Numa era em que tudo se cruza e intersecta, num apertado
dédalo de polinizações artísticas, é sempre bom atestar que o fogo do free
jazz arde intensamente. Hoje há uma linguagem que rompeu com linguagens,
hoje há uma tradição que dinamitou tradições. É neste tabuleiro sônico que se
movimenta o trio formado pelo saxofonista e compositor colombiano Francisco
“Pacho” Dávila e dois portugueses, o contrabaixista Gonçalo Almeida e o
baterista Vasco Furtado. O seu registro de estreia, “Illusions and
Lamentations” tem chancela da lisboeta Phonogram Unit. «É um álbum de free
jazz. Humilde, direto, baseado simplesmente no prazer de criar música em tempo
real e em grupo», começa por confirmar o baterista à jazz.pt. «Não pensámos a
priori na música que íamos gravar.» Essa teia de cumplicidades, não
particularmente longeva, fica bem espelhada na música que fazem em conjunto,
assente muito numa interação natural e próxima e na triangulação de
referências, abordagens e das personalidades distintas que coalescem num
cômputo uno e coeso. «Conheci o Pacho há relativamente pouco tempo e tivemos a
oportunidade de tocar algumas vezes e até gravar uma sessão em duo», revela o
baterista. «Desde logo fiquei impressionado com o seu som no saxofone e com a
sua atitude em relação à música improvisada.» Já a relação musical com o
contrabaixista tem sido vertida numa colaboração regular, nomeadamente no grupo
Multiverse, onde também milita o saxofonista Yedo Gibson, com dois álbuns
editados. Ambos vinham cogitando a possibilidade de trabalhar em trio com
Dávila. A sessão de gravação que culminou em “Illusions and Lamentations”

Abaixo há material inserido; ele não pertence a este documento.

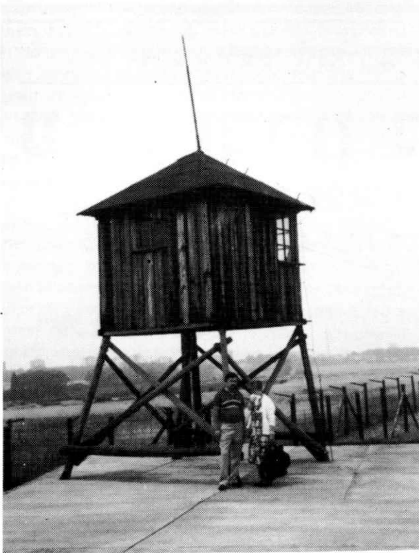
דער וואד־טורעם אין מיידאנק מיגדל שמירה במיידאנק

והרימה סבתא ראשה לשמיים ודמעות זלגו מעיניה כמו מים וחיפשה את כחולי הכנפיים לשוא.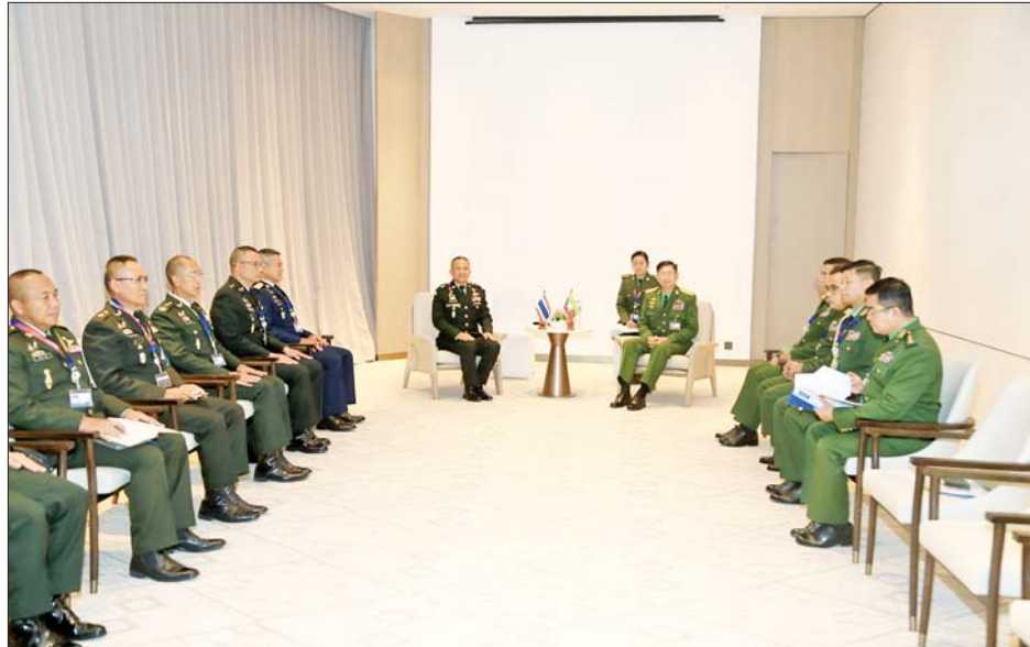
ကာကွယ်ရေးဦးစီးချုပ်(ကြည်း)မှ စစ်ရေးချုပ် ဒုတိယဗိုလ်ချုပ်ကြီး စိုးမင်းဦးနှင့် ထိုင်းဘုရင့် တပ်မတော်ကာကွယ်ရေးဦးစီးချုပ် General Songwit Noonpackdee တို့ တွေ့ဆုံဆွေးနွေးစဉ်။

သီးခြားစီတွေ့ဆုံ ယင်းနောက် မွန်းလွဲပိုင်းတွင် ကာကွယ်ရေးဦးစီးချုပ်(ကြည်း) မှ ဒုတိယဗိုလ်ချုပ်ကြီး စိုးမင်းဦး သည် ထိုင်းဘုရင့်တပ်မတော် ကာကွယ်ရေးဦးစီးချုပ် General Songwit Noonpackdee၊ ဗီယက်နမ် အမျိုးသားကာကွယ် ရေးဝန်ကြီးဌာန ဒုတိယဝန်ကြီးနှင့် ဗီယက်နမ် ပြည်သူ့တပ်မတော် စစ်ဦးစီးအရာရှိချုပ် Senior Lieutenant General Nguyen Tan Cuong နှင့် ကမ္ဘောဒီးယား ဘုရင့်တပ်မတော် ကာကွယ်ရေး ဦးစီးချုပ် General Vong Pisen တို့နှင့် သီးခြားစီ Bilateral Meeting များ တွေ့ဆုံခဲ့ကြသည်။ ထိုသို့တွေ့ဆုံရာတွင် နှစ်နိုင်ငံ တပ်မတော် နှစ်ရပ်အကြား ချစ်ကြည်ရင်းနှီးမှု ပိုမိုတိုးမြှင့် ဆောင်ရွက်ရေးနှင့် ပူးပေါင်း ဆောင်ရွက်ရေး ကိစ္စရပ်များကို ရင်းနှီးပွင့်လင်းစွာ ဆွေးနွေးကြ ပြီး အမှတ်တရ လက်ဆောင် ပစ္စည်းများ အပြန်အလှန် ပေးအပ် ကြသည်။ စာမျက်နှာ ၄ သို့ ☆

acabou por resultar de uma coincidência, dada a impossibilidade de outro músico
em participar.
Nome central do jazz colombiano, “Pacho” Dávila move-se em
vários formatos do jazz e da improvisação. Lançou vários álbuns na condição de
líder. “Canto Mestizo”, de 2004, junta-o a alguns dos melhores músicos da cena
de Bogotá, desenvolvendo composições e improvisando de forma a integrar uma linguagem
livre e elementos rítmicos e melódicos do folclore daquele país sul-americano.
Do seu percurso destacam-se álbuns como “The Power Is Now” (2008), gravado em
Nova Iorque, cada vez mais embrenhado na exploração da improvisação e do free
jazz, “Pendulum” (2009), “Dissonant Reality” (2011) e “Chinese Souvenir”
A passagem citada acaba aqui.